As demand for electric vehicles and devices grows, we must recycle waste lithium batteries. These batteries are vital to modern tech. But, they harm the environment if disposed of improperly. Recycling can recover valuable materials like lithium, cobalt, and nickel. This reduces the need for new mining and helps the environment. Also, advanced processing can safely manage toxic substances. This prevents pollution and promotes sustainability. With a global focus on a circular economy, we must invest in new recycling solutions for waste lithium batteries. They are vital for a greener future.
Recycling and Processing Waste Lithium Batteries: Sustainable Solutions for a Greener Future
Discarded lithium batteries contain a significant amount of non-renewable heavy metal resources with high economic value. The positive electrode material of lithium batteries is lithium cobalt oxide powder. The negative electrode material is graphite powder. Both electrodes contain substantial quantities of metals such as cobalt, nickel, manganese, copper, and aluminum.
Effective recycling and processing of discarded or unqualified lithium batteries can not only alleviate the environmental pressure caused by waste batteries. It can also prevent the wastage of valuable heavy metals like cobalt, nickel, and manganese. Consequently, due to resource limitations and the need for environmental governance, countries worldwide place great importance on the recycling of waste lithium batteries.

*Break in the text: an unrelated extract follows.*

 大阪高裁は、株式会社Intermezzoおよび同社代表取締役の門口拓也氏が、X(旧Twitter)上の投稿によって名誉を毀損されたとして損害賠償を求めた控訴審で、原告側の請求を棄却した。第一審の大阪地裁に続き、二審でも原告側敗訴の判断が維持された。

In the process of recycling and treating waste lithium batteries, two main technologies are utilized: dry recycling and wet recycling. Wet recycling technology involves a long process route, requires significant investment, and demands numerous pieces of equipment. It is unable to recycle aluminum metal, and it cannot treat the PVDF in lithium batteries.
Lithium battery recycling high temperature section
On the other hand, dry recycling technology is mainly divided into high-temperature (~800°C) and low-temperature (~400°C) dry processes. Dry recycling technology features a shorter process route and fewer equipment requirements. It can effectively treat PVDF, but it has high energy consumption and requires substantial heat. The dry treatment process inevitably produces acidic gas HF (or other hydrogen halide gases) and organic cracking waste gases. This must be treated separately to avoid significant environmental impact, necessitating a large investment in environmental protection facilities.
Lithium battery recycling and processing equipment typically includes a disassembly line (for repurposing) + grinding and crushing air separation line + extraction (re-extraction) production line. Among these, the grinding and crushing air separation line (i.e., powdering line) is the core of the complete lithium battery recycling and processing equipment.
However, many domestic manufacturers still use a specific process that involves shredding + secondary crushing, grinding + air separation (external high and medium temperature furnaces). This process fails to address the flammable and explosive issues associated with live waste lithium batteries at the source. It results in processing costs approaching 3,000 yuan per ton.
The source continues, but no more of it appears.